Exercise requirements => Write out the lines below exactly, beginning at the one with "Unter der fachkundigen" and stopping after the one with "我知道这里可能有朋友会说,这"; the pictures are not copied.

Exercise input =>
((

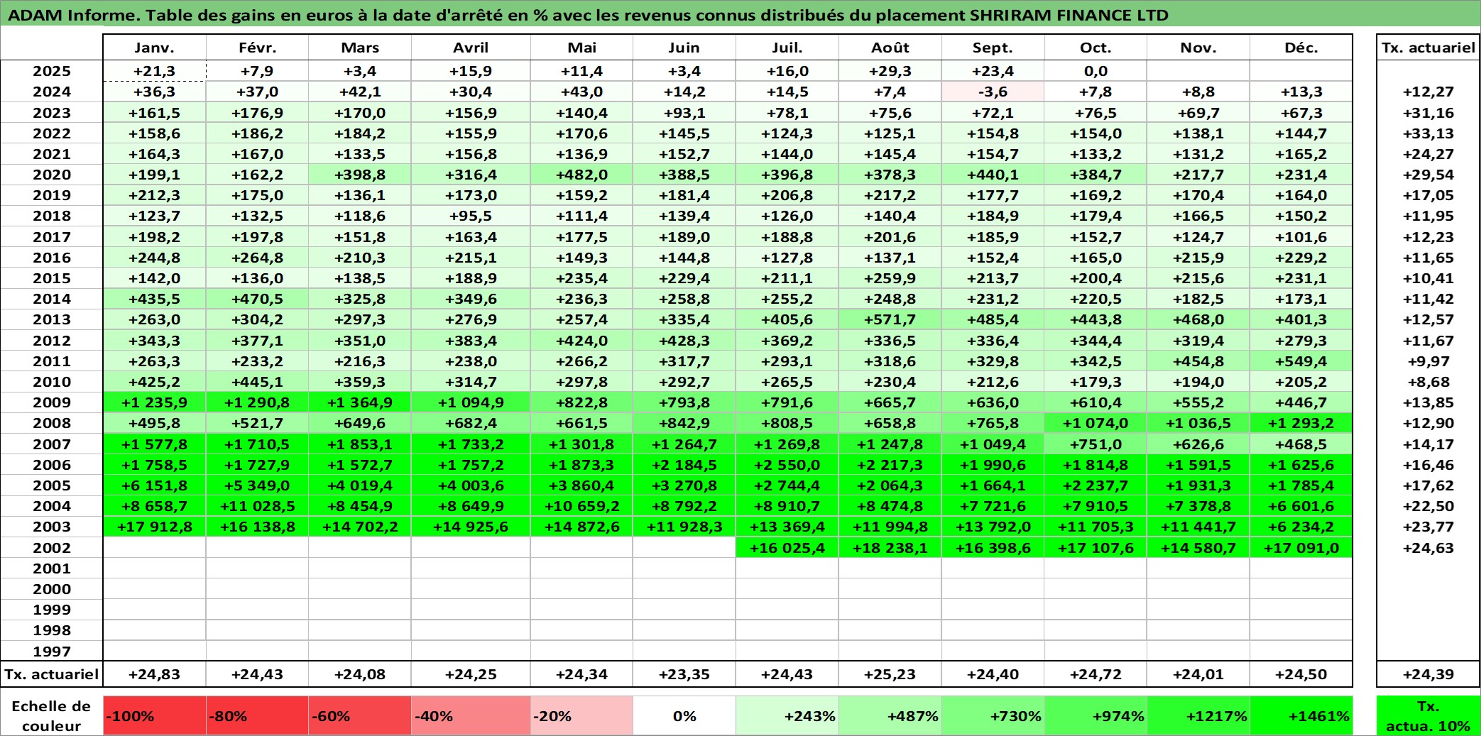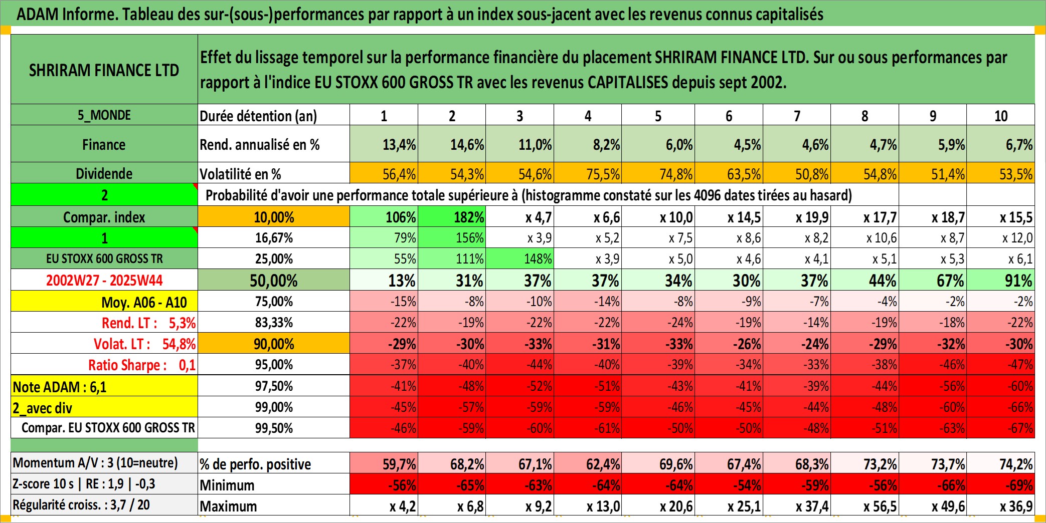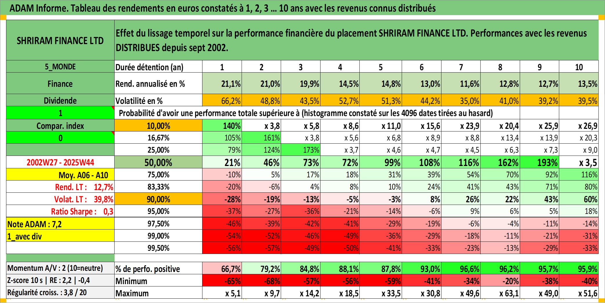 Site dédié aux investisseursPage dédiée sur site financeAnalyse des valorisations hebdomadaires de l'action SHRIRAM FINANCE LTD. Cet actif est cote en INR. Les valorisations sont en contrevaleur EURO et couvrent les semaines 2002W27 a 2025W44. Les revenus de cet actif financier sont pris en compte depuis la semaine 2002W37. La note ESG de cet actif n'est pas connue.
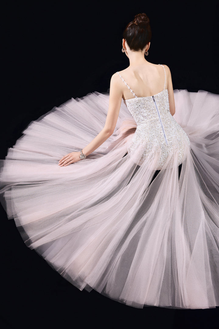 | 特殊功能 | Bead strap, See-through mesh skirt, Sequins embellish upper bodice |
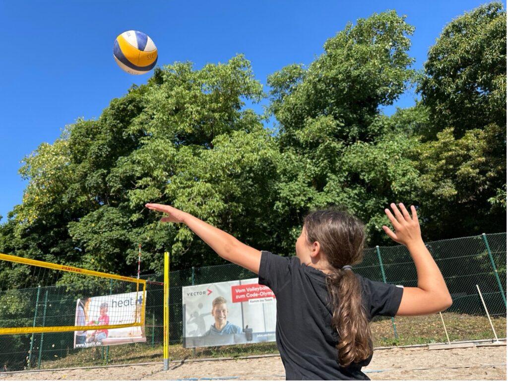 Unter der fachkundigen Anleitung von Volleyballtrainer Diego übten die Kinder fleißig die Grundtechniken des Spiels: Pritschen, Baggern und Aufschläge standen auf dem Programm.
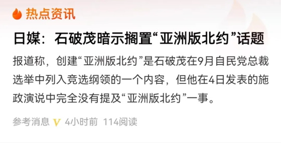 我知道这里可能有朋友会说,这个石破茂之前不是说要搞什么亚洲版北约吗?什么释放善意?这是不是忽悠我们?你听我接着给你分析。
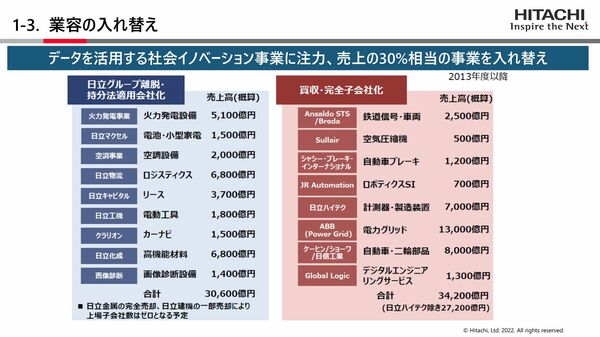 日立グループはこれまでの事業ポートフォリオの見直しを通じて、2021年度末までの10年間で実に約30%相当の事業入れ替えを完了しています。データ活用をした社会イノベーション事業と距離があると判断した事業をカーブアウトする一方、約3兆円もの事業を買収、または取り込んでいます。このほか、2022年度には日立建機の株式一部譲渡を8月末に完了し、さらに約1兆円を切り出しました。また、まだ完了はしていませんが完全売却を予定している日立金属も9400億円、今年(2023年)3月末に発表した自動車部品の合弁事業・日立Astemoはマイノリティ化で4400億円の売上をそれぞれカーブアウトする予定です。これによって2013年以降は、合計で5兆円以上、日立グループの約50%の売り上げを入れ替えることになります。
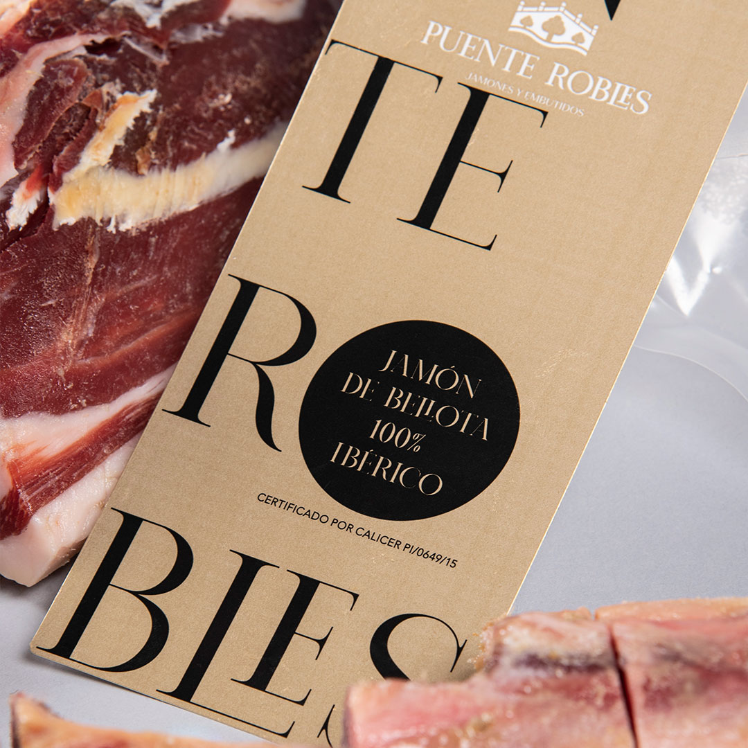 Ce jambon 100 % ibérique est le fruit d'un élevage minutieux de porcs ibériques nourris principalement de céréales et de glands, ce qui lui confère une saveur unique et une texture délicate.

))
((

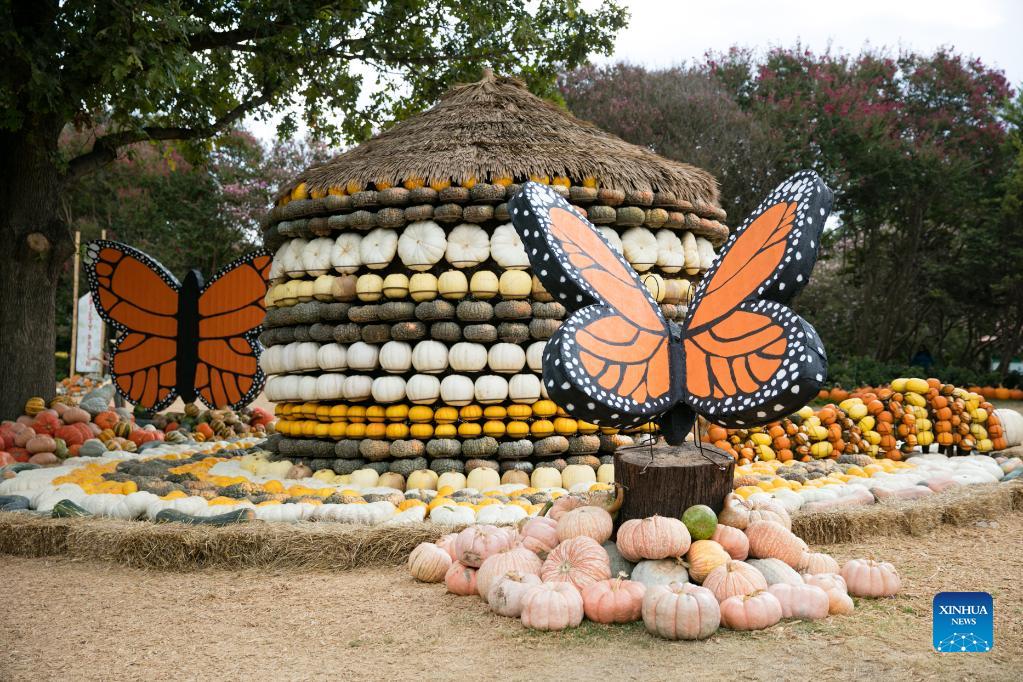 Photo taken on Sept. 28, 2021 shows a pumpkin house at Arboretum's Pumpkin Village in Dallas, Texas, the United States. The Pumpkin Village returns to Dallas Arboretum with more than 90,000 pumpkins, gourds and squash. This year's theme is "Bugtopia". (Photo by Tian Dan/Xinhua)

))

Answer space =>
 Unter der fachkundigen Anleitung von Volleyballtrainer Diego übten die Kinder fleißig die Grundtechniken des Spiels: Pritschen, Baggern und Aufschläge standen auf dem Programm.
 我知道这里可能有朋友会说,这个石破茂之前不是说要搞什么亚洲版北约吗?什么释放善意?这是不是忽悠我们?你听我接着给你分析。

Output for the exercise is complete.